#### TASK DIRECTIONS:
Could you return all of the records exactly, minus their images?

────────────────────────────────────────

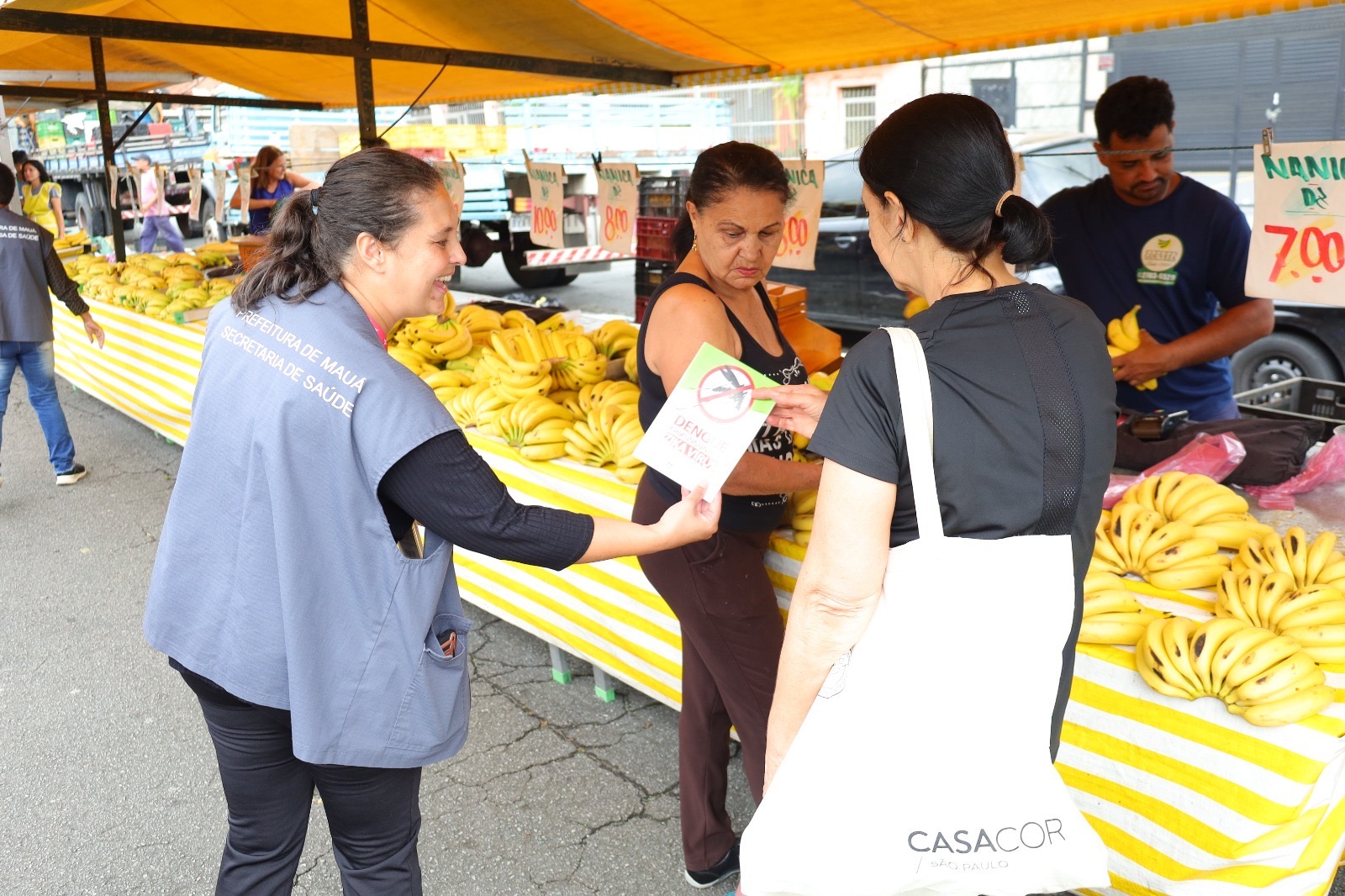 Foram realizadas abordagens e a distribuição de panfletos. Um dos pontos altos foi a parada na feira livre da avenida Portugal.
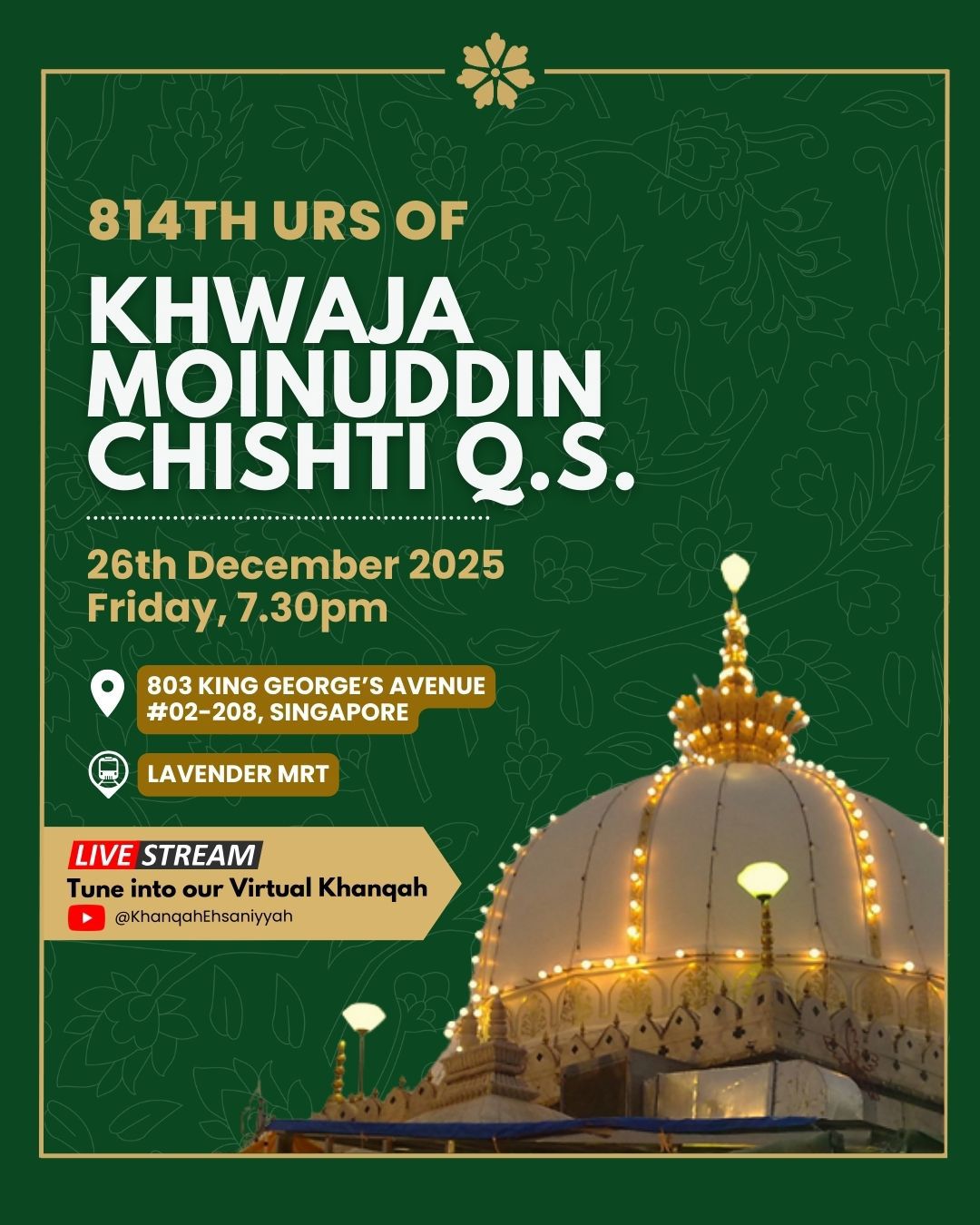 Khanqah Ehsaniyyah invites you to the 814th Urs of Khwaja Moinuddin Chishti رَحْمَةُ اللهِ عَلَيْهِ – Sultanul Hind, the radiant auliya whose life reshaped the spiritual landscape of Hind.
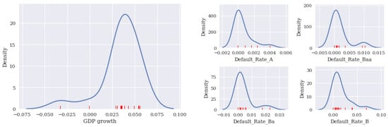 The descriptive statistics and kernel density estimates of DRs and GDP growth are illustrated in Table 1 and Figure 3. GDP growth, in Table 1 and the left panel of Figure 3, indicates left-skewed distributions with significant negative skew-test statistics and p values of 0.001. Conversely, the DRs of all ratings in the right panel of Figure 3 are all positive, right-skew-distributed with p values close to zero. This phenomenon aligns with the reverse relationship between macroeconomic factors (such as GDP) and DRs.
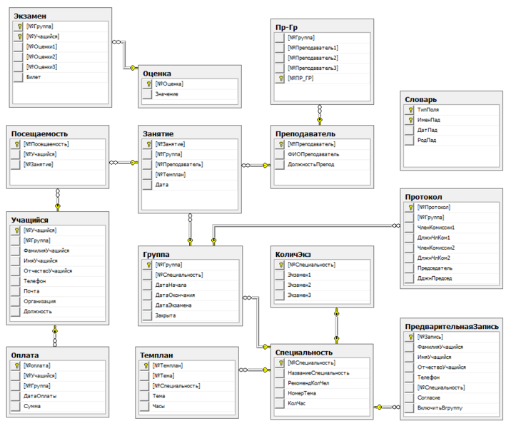 База данных состоит из 15 таблиц, 14 из которых связаны между собой. Так, например, с таблицей «Учащийся» напрямую связаны «Оплата» и «Посещаемость», а с таблицей «Группа» — «Протокол», «Занятие», «Экзамен», «Специальность».
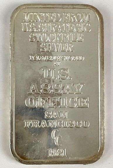 LOT 42 - 1981 US Assay Office San Francisco 1 oz .999 Fine Silver Ingot/ Bar
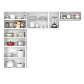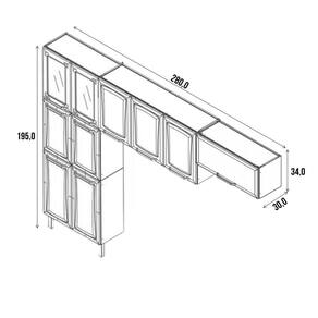 Dimensões do produto montado: Altura 1,95 | Largura 2,80 | Profundidade: paneleiro 0,30 ? armário aéreo 3 portas 0,30 ? armário aéreo 1 porta 0,30 - balcão 0,52
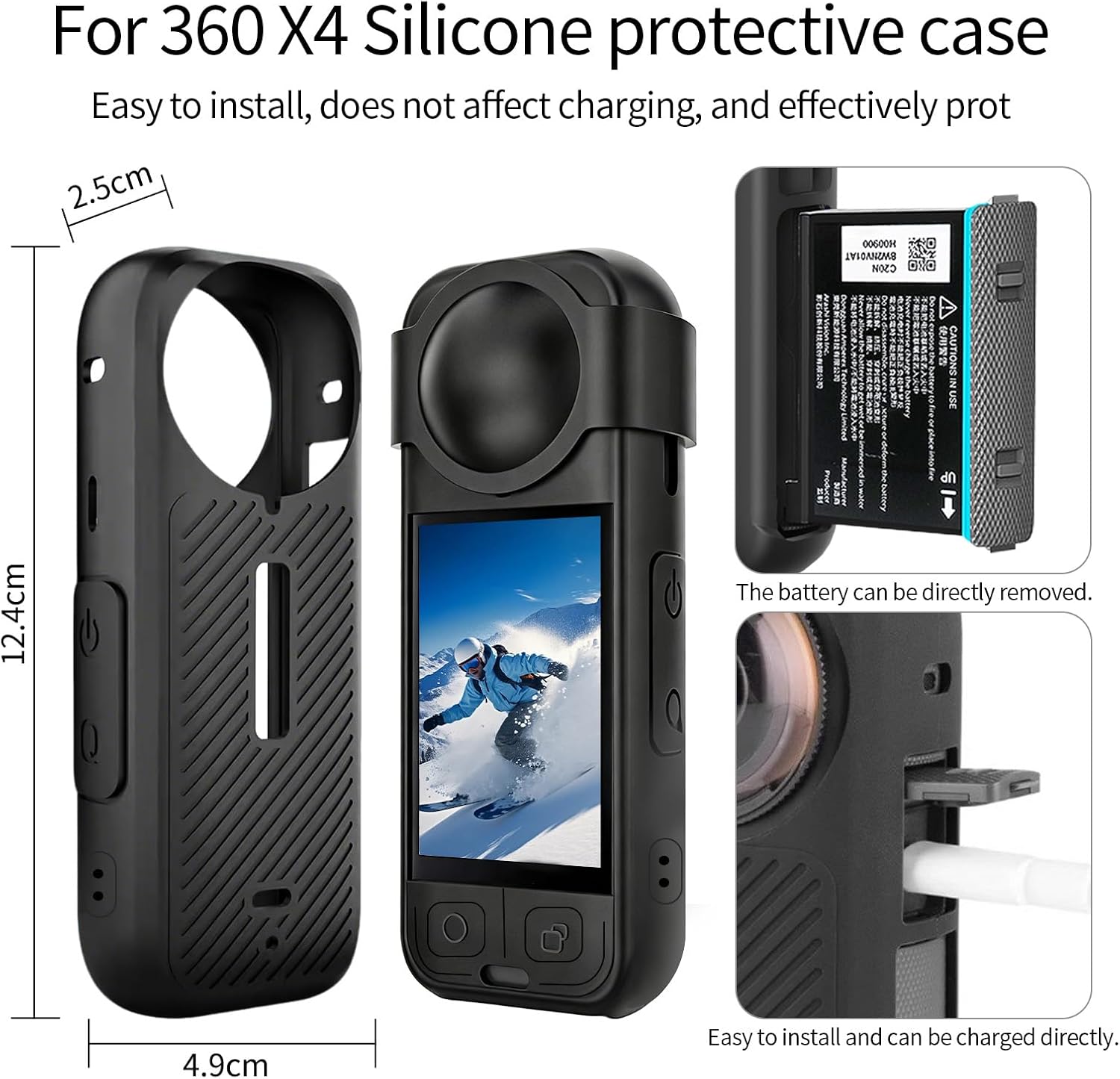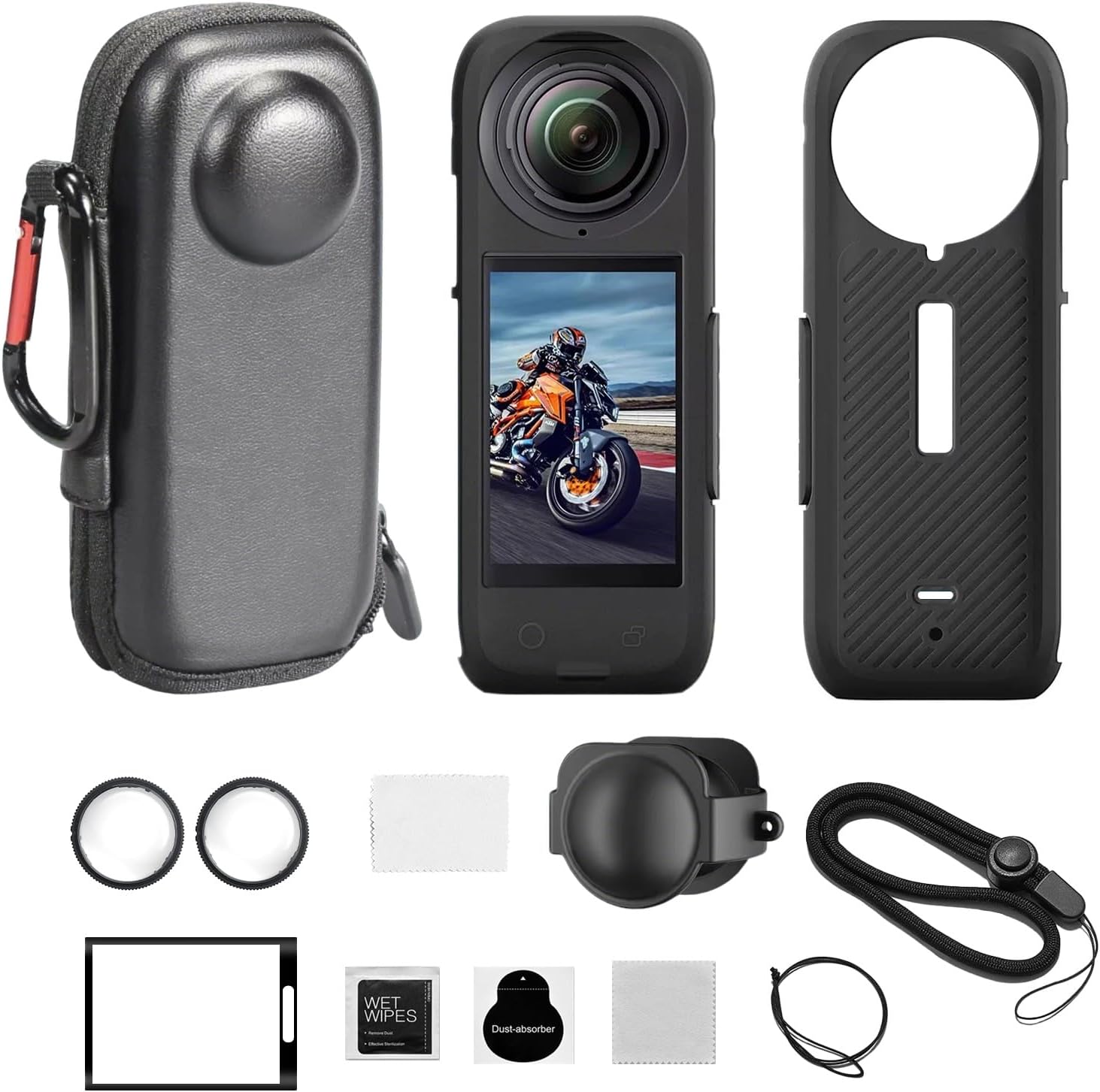 JasonMighty For Insta 360 X4 Camera Protective Accessories Kit Include Camera Case/Silicone Case/Lens Guards/Screen Tempered Glass/fully Protect Parts
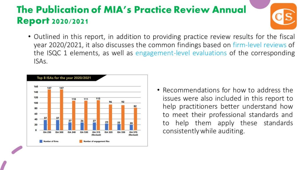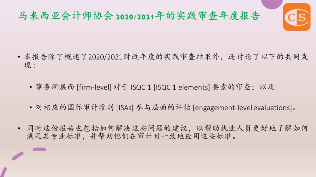 1. 马来西亚会计师协会于2021年10月1日公布了《 2020/2021 年实践审查(Practice Review)年度报告》。

────────────────────────────────────────

#### EXERCISE SOLUTION:
 Foram realizadas abordagens e a distribuição de panfletos. Um dos pontos altos foi a parada na feira livre da avenida Portugal.
 Khanqah Ehsaniyyah invites you to the 814th Urs of Khwaja Moinuddin Chishti رَحْمَةُ اللهِ عَلَيْهِ – Sultanul Hind, the radiant auliya whose life reshaped the spiritual landscape of Hind.
 The descriptive statistics and kernel density estimates of DRs and GDP growth are illustrated in Table 1 and Figure 3. GDP growth, in Table 1 and the left panel of Figure 3, indicates left-skewed distributions with significant negative skew-test statistics and p values of 0.001. Conversely, the DRs of all ratings in the right panel of Figure 3 are all positive, right-skew-distributed with p values close to zero. This phenomenon aligns with the reverse relationship between macroeconomic factors (such as GDP) and DRs.
 База данных состоит из 15 таблиц, 14 из которых связаны между собой. Так, например, с таблицей «Учащийся» напрямую связаны «Оплата» и «Посещаемость», а с таблицей «Группа» — «Протокол», «Занятие», «Экзамен», «Специальность».
 LOT 42 - 1981 US Assay Office San Francisco 1 oz .999 Fine Silver Ingot/ Bar
 Dimensões do produto montado: Altura 1,95 | Largura 2,80 | Profundidade: paneleiro 0,30 ? armário aéreo 3 portas 0,30 ? armário aéreo 1 porta 0,30 - balcão 0,52
 JasonMighty For Insta 360 X4 Camera Protective Accessories Kit Include Camera Case/Silicone Case/Lens Guards/Screen Tempered Glass/fully Protect Parts
 1. 马来西亚会计师协会于2021年10月1日公布了《 2020/2021 年实践审查(Practice Review)年度报告》。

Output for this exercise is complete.